Missouri voters in Tuesday’s primary elections, as I wrote last week, were presented with a ballot measure that would have raised the state retail sales tax a fraction of a cent to help fund transportation projects — it would also, as I noted, have prohibited for 10 years tolling as a means of funding and likewise any boosts in the state fuel tax. 

“The truckers lost big,” noted reporter Jo Mannies in a roundtable following the results published here. MoDOT, following the 58 (no votes) to 41 (yes) percent defeat of the measure at the ballot box, didn’t exactly commit to either further toll project pursuit or raising that tax, but they did note a need within the state. 

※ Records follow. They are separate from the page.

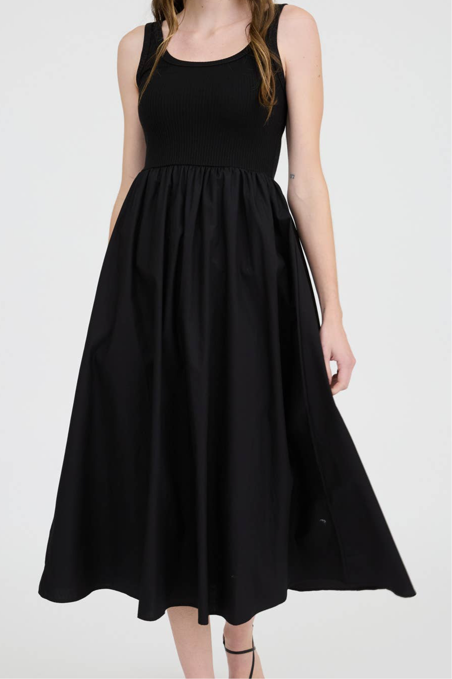 SLEEVELESS KNIT TANK BODICE A-LINE SKIRT SOLID MIDI DRESS MIX MEDIA LINED SELF: 65% POLYESTER, 28% RAYON, 7% SPANDEX CONTRAST: 100% COTTON LINING: 100% POLYESTER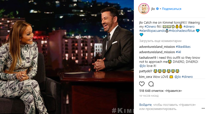 Джей Ло посетила эфир ночного шоу Джимми Киммела. Для встречи с ведущим знаменитость надела костюм доллара.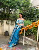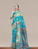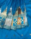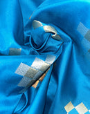 This bright blue heavy silk saree is a classy traditional drape that exudes elegance and cultural richness. Banarasi sarees are known for their intricate craftsmanship and luxurious silk fabric.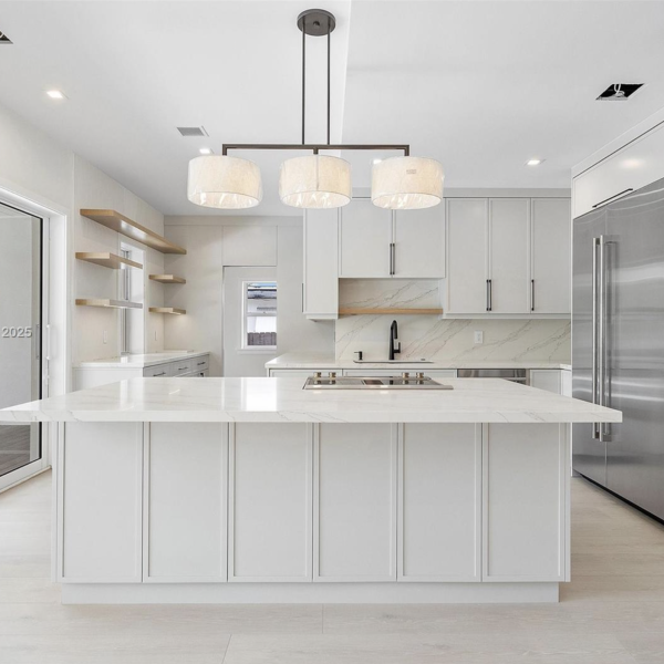 Luxuriously Remodeled Home in Prestigious Keystone Point. This stunning 4-bedroom, 3.5-bath home has been completely remodeled with a 1,000 sq. ft. addition. Offering modern luxury and impeccable craftsmanship. Dream kitchen with top-of-the-line appliances, including a wine cooler and extra beverage fridge. High-end finishes complement the vaulted ceilings in the bedrooms. The open floor plan seamlessly connects indoor and outdoor living, featuring a large, covered deck, a refurbished pool, and new landscaping and driveway. This smart home is equipped with integrated speakers inside and out, perfect for entertaining. A rare opportunity to own a turnkey residence in one of Miami’s most sought-after waterfront communities.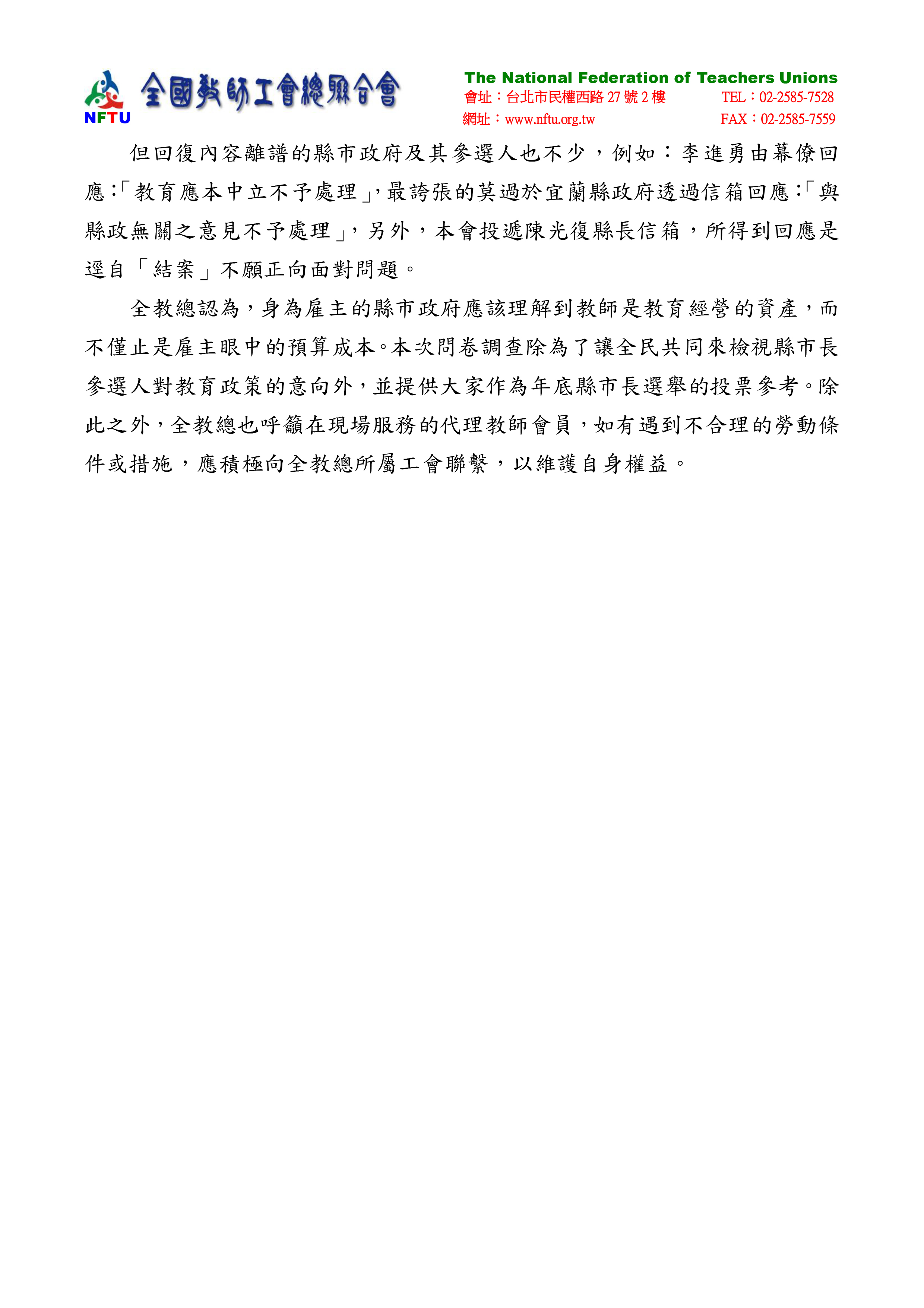 全教總認為,身為雇主的縣市政府應該理解到教師是教育經營的資產,而不僅止是雇主眼中的預算成本。本次問卷調查除為了讓全民共同來檢視縣市長參選人對教育政策的意向外,並提供大家作為年底縣市長選舉的投票參考。

Missouri is among states that have floated toll efforts on exiting interstates (I-70 in their case) by joining the federal pilot initiative to toll existing federal lanes. The other two states, North Carolina and Virginia, saw voters or lawmakers reject their particular efforts relative to I-95. Missouri hasn’t made reported progress on the notion since bills to push it forward stalled in the legislature nearly two years and the further pushback emerged to result in Tuesday’s ballot measure. 

In some sense, noted Julian Walker of the Alliance for Toll-Free Interstates, the election results are a no-brainer, telling us “what we already know: voters are not eager to raise taxes on themselves, even if the increase amounts to pennies per driver,” he said. “It is unfortunate that a broadly popular provision of the legislation to ban tolls was dragged down in the process.”